12.07.2013
Утром меня и Сергея Вечера поставили дневальными. Встали мы в 7 утра и тут же отправились на кухню. Настроение было хорошее, хоть вставать было крайне сложно…для меня, по крайней мере, точно. На кухне веселили себя тем, что включили на мобильнике музыку. Затем поставили вариться гречку, которую заранее замочили. На всю ораву мы приготовили две пачки гречки по 850 грамм и вкинули туда 5 банок тушенки. Готовили исключительно по расчетам старших, и в итоге вышла у нас почти целая кастрюля гречи. Настроение было очень хорошее, мы чистили колбасу, нарезали овощи и фрукты, ржали как дебилы, фотографировались и снимали видео. К моменту, когда настало время всех позвать к столу, я выбежал на улицу со сковородкой и черпаком и начал «лупить в гонг», что мы тоже сняли на видео. Потом спустился ниже на 30 метров, где стоял наш второй контейнер с ребятами, постучал, и мы все там и собрались кушать. Очень приятная традиция: когда все поели, кто-то говорит спасибо поварам, и все начинают аплодировать.
После обеда мы начали собираться снова в горы, только на этот раз уже выше, для очередной ступени акклиматизации. Договорились выходить в 10. Но пока мы все домыли и убрали, потому что всегда сдаем только чистые кастрюли и посуду, по времени успевали уже впритык. Но тут внезапно, буквально в самом конце нашей помывки, закончилась вода! Она заливается в квадратный бак над раковиной объемом литров 10, потом сливается в ведро под раковиной. Сама вода стоит в шестилитровых баклажках, всего бутылок 10. И когда она заканчивается, мы ходим в ручей и набираем новую. Но прошлая смена сдала кухню, не позаботившись о том, чтобы была набрана вода, и нам срочно нужно было восполнить запасы. А этого еще никто не делал, и мы пошли искать воду. Нашли в итоге ручей, в котором она набирается, и обнаружили, что там мееееееедленно журчит вода и что даже кружку нельзя подставить, чтобы набрать воду. Но там была хитрая конструкция, которую кто-то придумал до нас: бутылка с отрезанным дном, которая кладется на ручей, прижимается камнем, собирает всю воду, и она через горлышко течет по резиновому шлангу. Он, в свою очередь, вставляется в пластиковый шланг длиной метров 30. А этот уже, извиваясь, идет по склону камней в сторону обрыва, где стоит туалет (где-то за 10-20 метров от нашего контейнера).
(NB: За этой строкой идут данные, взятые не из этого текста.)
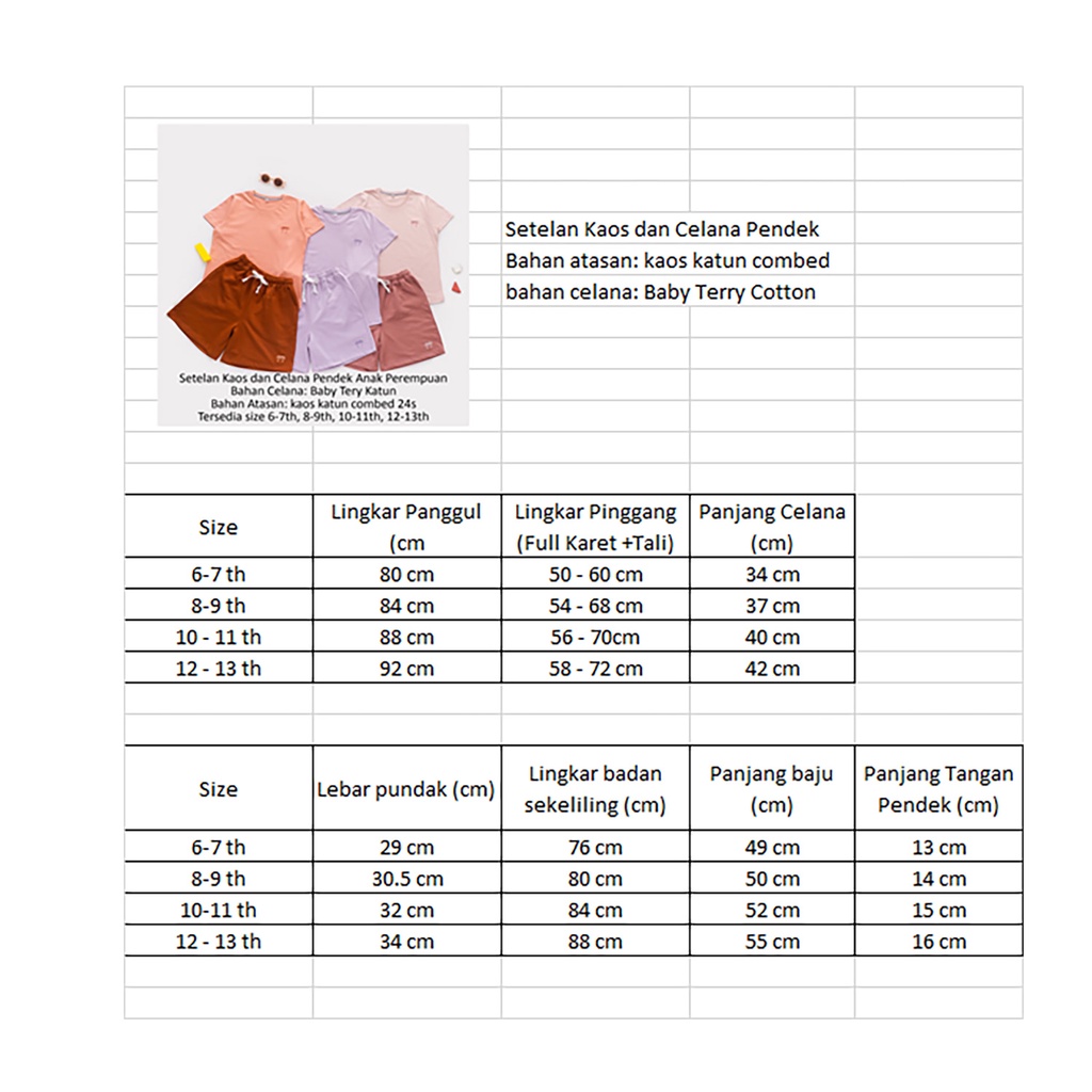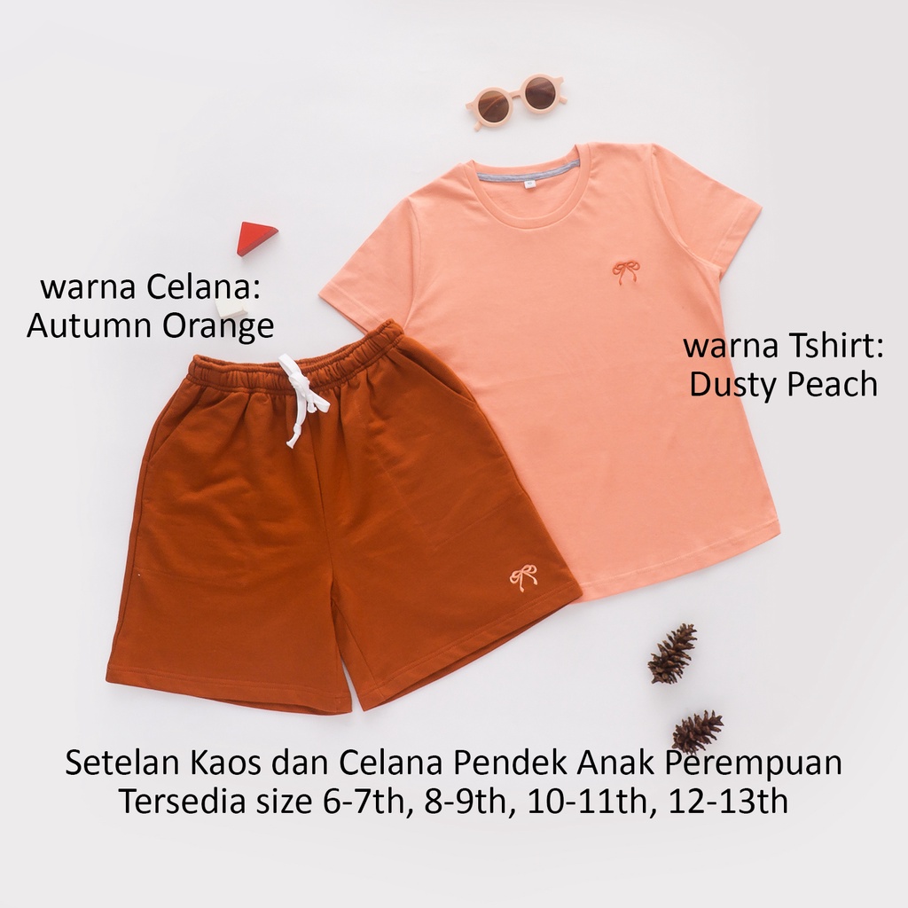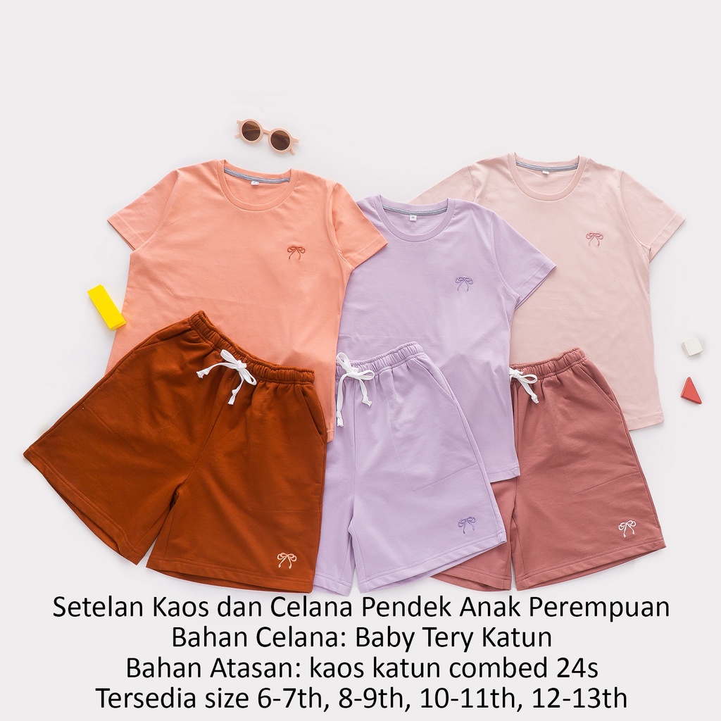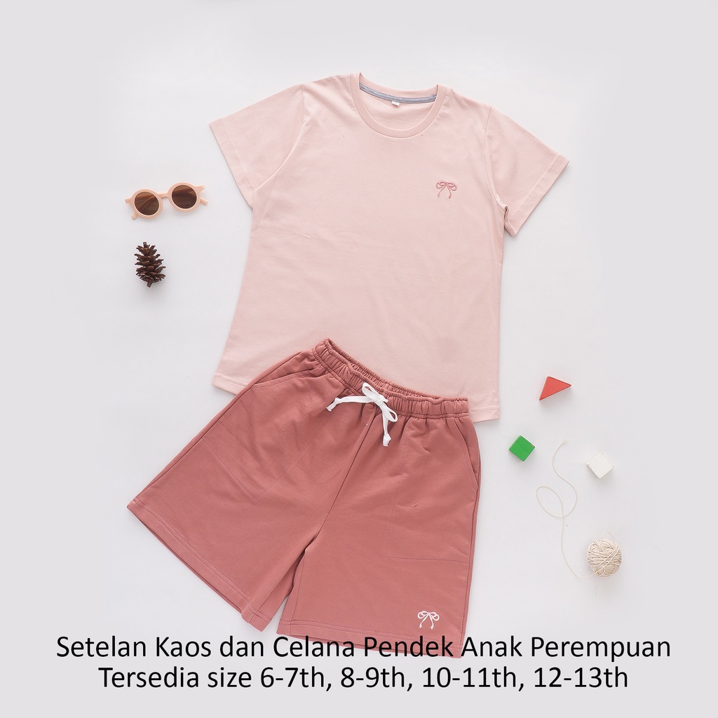 Setelan Oneset Kaos Basic Tee Dan Celana Pendek Anak Perempuan Katun Harian 6 8 10 12 Tahun

Изначально пытались набирать так, но потом все-таки починили систему водопровода, и у деревянного туалета, стоящего на обрыве, уже из пластикового шланга набирали воду. Пока мы это делали, обратили внимание на местные туалеты, лежащие внизу обрыва: штук 5 всего. Либо их снесло, либо они не устояли…
Вода набиралась долго, и ребята нервничали, им казалось, что мы тупим и не собираемся. Но это, правда, немного бесило, потому что старались мы для всех. Они нас с Серым подгоняли, но мы сказали, чтобы они шли без нас, раз им так не терпится. В итоге мы немного на конях собрались и вышли на 30 минут позже основной группы. Нас подождали Олег Сысунов и Серега Белобровик. Пошли за основной группой по следам. Вечер Сергей и Олег решили, что надо догонять основную группу, и ускорились. Ну а мы с Серым сделали вывод, что если нас не ждали, то не нужно носиться, и пошли сами, своим медленным темпом, никуда не спеша. В планах было дойти до пастуховых скал, а это на высоте 4700 метров, на полкилометра выше, чем «приют 11».
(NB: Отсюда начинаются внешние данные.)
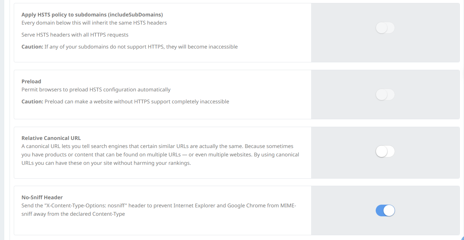 * **HTTP Strict Transport Security (HSTS)**: Áp dụng chính sách bảo mật web cho trang web của bạn, gửi các header HSTS với tất cả các request HTTPS. Nếu cấu hình sai, HSTS có thể làm cho trang web của bạn không thể truy cập được trong một thời gian dài.
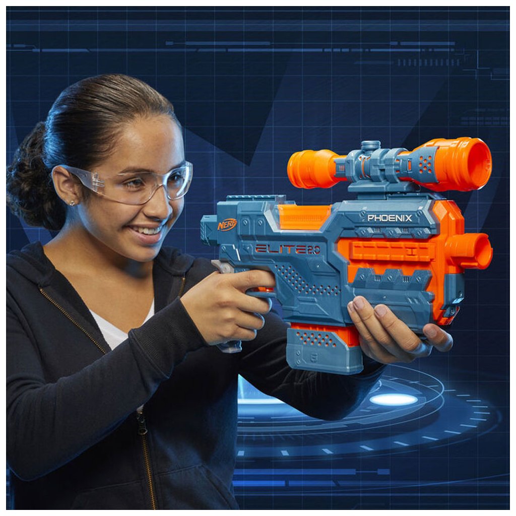 Motorizovaný blaster Nerf Elite 2.0 Phoenix CS-6 má 5 taktických kolejnic, upevňovací bod pažby a upevňovací bod hlavně, takže si jej můžete přizpůsobit pro každou misi nebo bitvu.
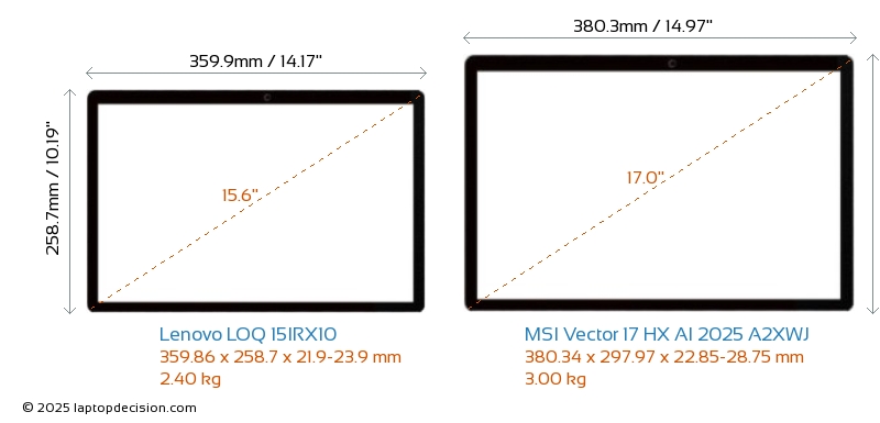 Thunderbolt Vector 17 HX AI 2025 A2XWJ is equipped with Thunderbolt 5 port. LOQ 15IRX10 does not have Thunderbolt port.
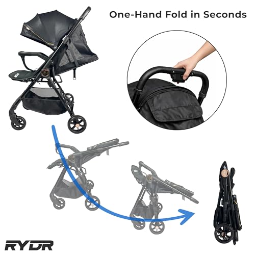 RYDR V5 Lightweight Pushchair, Compact Folding Stroller for Newborn to 4 Years, Travel Buggy with One-Hand Fold, 5-Point Harness, Suspension Wheels, Black
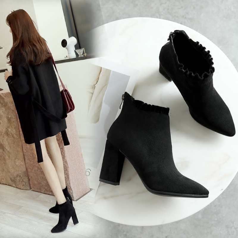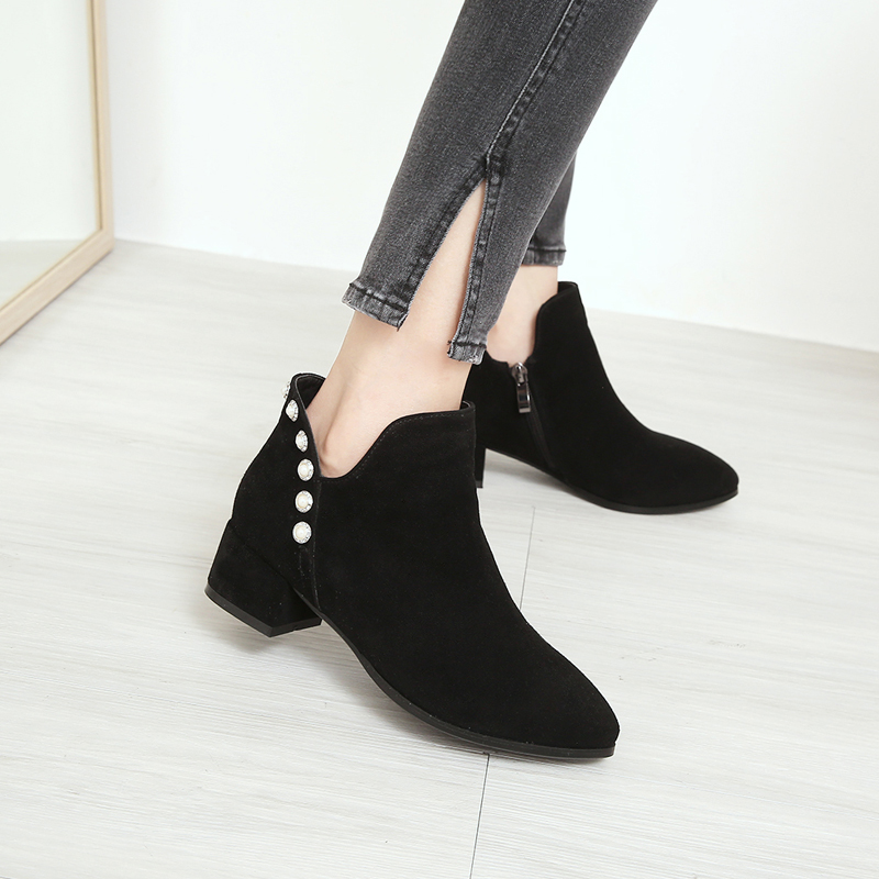 2017新款短靴女秋粗跟高跟鞋女鞋大码韩版百搭尖头马丁靴靴子
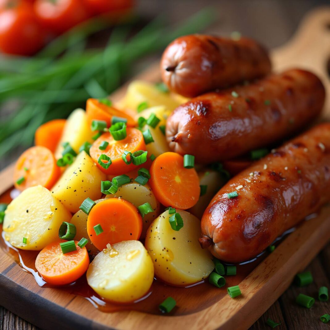 Ein herzhaftes Gericht aus warmem Kartoffelsalat und knusprigen Zwiebelwürstchen, ideal für kalte Tage.
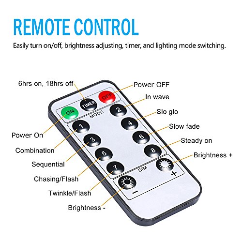 - 8 lighting modes available for choice: They are Combination/ In wave/ Sequential/ Slo glo/ Chasing/ Slow fade/ Twinkle/ Steady On. Easily change the flashing mode and the brightness is dimmable by remote.
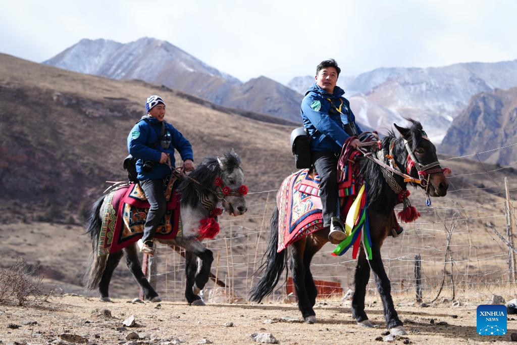Kunga patrols in Angsai Township of Zaduo County, Yushu Tibetan Autonomous Prefecture, northwest China's Qinghai Province, Jan. 29, 2026. (Xinhua/Zhang Long)
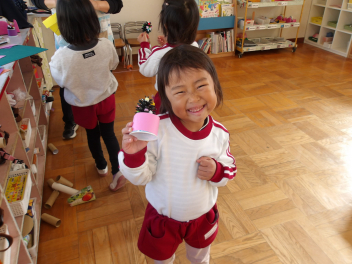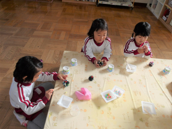 ばら組のこどもたちは、マツボックリでミニミニツリーをつくりました。
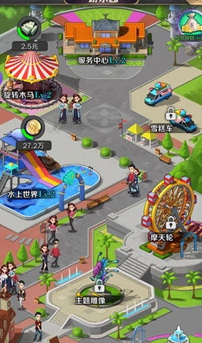 水上世界(金币、铝合金、改装件)、摩天轮(购物卡、培训点)、主题雕像(提升接待能力)

Стояло просто невыносимое солнце. Меня так никогда не жарило…Я чувствовал, как сгорает мое лицо. И, как назло, мы забыли крем от загара. Солнце светило так, что даже очки с максимальной защитой от ультрафиолета пропускали свет и приходилось прищуриваться. Лицо и ладони пекло так, что просто не передать. Это сравнимо с ощущением, когда жаришь сало на костре и уже просто не можешь рядом с ним стоять, потому что горит лицо. Вот примерно так нам было по ощущениям. Только мы понимали, что это нифига не полезно и что это фактически живая радиация. Но выбора другого не было, и мы поднимались выше. По дороге встретили наших динамовцев, у которых одолжили немного крема для лица. Намазали морды и пошли дальше. Крема были дорогие и неприятные, как сметана по консистенции. И, когда потеет лицо, они попадают на очки и в рот со всем этим потом, образуя мутные белые противные капли. Но даже несмотря на мерзость нужно было заботиться о мордахе.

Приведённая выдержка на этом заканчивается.